━━ RECORDED DATA ━━
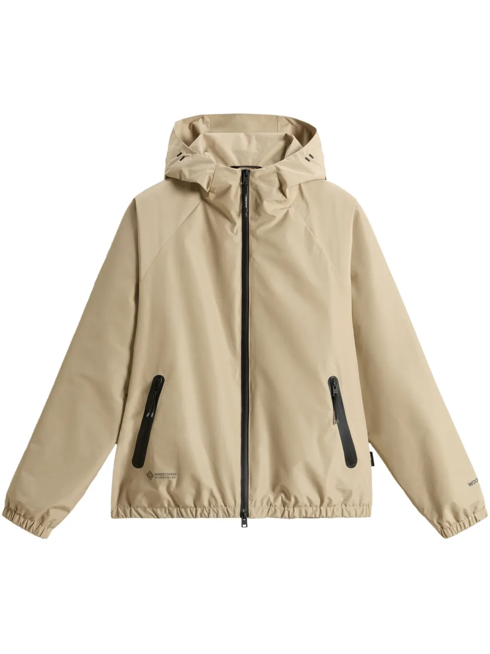 beige sable fermeture zippée à double sens sur le devant capuche à lien de resserrage deux poches zippées ourlet élastiqué
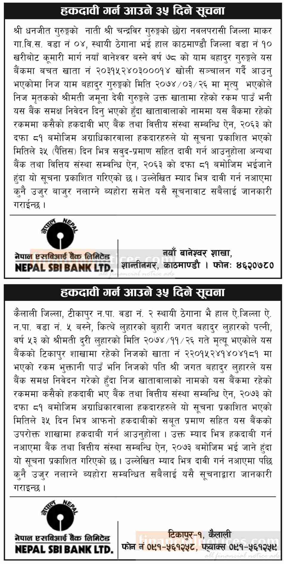हकदावी गर्न आउने ३५ दिने सूचना !!!
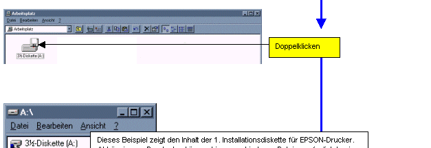 2. Drucker installieren: Original-Drucker-Installationsdiskette #1 in Lw A: einlegen |
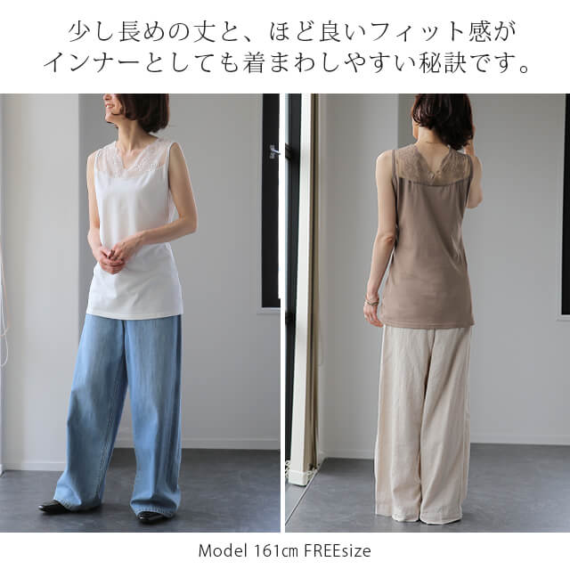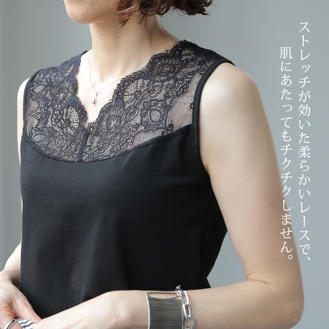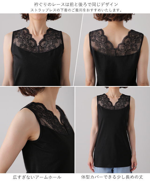 タンクトップ レディース レース インナー チラ見え防止 トップス ノースリーブ レイヤード 大人MUSE
━━━
* _TASK BRIEF_: Without the images, print all of the lines above exactly.

* _EXERCISE ANSWER_:
 beige sable fermeture zippée à double sens sur le devant capuche à lien de resserrage deux poches zippées ourlet élastiqué
हकदावी गर्न आउने ३५ दिने सूचना !!!
 2. Drucker installieren: Original-Drucker-Installationsdiskette #1 in Lw A: einlegen |
 タンクトップ レディース レース インナー チラ見え防止 トップス ノースリーブ レイヤード 大人MUSE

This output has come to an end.